Sermorelin is a GHRH analog that amplifies natural growth hormone pulses. Ipamorelin is a ghrelin mimetic (GHRP) that triggers GH release through a different receptor. They work through separate pathways.
Ipamorelin is the cleanest GHRP available. It does not raise cortisol, prolactin, or appetite at normal doses. Sermorelin has minimal side effects but can cause antibody formation over 6+ months of use.
Sermorelin requires daily injection. Ipamorelin can be dosed 1 to 3 times daily depending on goals, with a 2-hour half-life allowing flexible timing.
Sermorelin has a narrower dose range (200 to 500 mcg daily). Ipamorelin spans 100 to 300 mcg per injection, with frequency being the main variable.
Most practitioners recommend stacking these rather than choosing one. The GHRH + GHRP combination produces a stronger, cleaner GH pulse than either peptide alone.

When to Choose Sermorelin

You want a single daily injection for GH optimization
Sleep quality and deep sleep improvement are the main goals
You're already on a GHRP and want to switch to a GHRH instead
You prefer the simplest possible dosing protocol (one injection at bedtime)

When to Choose Ipamorelin

Clean GH release without cortisol or prolactin spikes matters most
Fat loss and body composition are primary goals
You want precise control with flexible dosing (1 to 3 times daily)
You're looking for the safest entry point into GH peptides (safety grade A)

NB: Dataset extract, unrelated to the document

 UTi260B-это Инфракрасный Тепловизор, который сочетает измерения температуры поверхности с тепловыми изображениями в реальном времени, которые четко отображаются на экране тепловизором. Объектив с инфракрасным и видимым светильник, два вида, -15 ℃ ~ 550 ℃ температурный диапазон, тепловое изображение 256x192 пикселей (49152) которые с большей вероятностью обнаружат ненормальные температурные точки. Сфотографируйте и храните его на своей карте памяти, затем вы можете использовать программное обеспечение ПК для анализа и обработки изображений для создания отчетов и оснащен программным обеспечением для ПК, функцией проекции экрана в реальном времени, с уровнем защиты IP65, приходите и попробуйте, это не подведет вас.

Can You Stack Sermorelin + Ipamorelin?

Yes — Synergistic

Sermorelin + ipamorelin is one of the most popular GH peptide stacks. Sermorelin primes the GHRH receptor while ipamorelin triggers release through the ghrelin receptor. Together they produce a stronger, more natural GH pulse than either peptide alone. Inject both subcutaneously at the same time, typically before bed.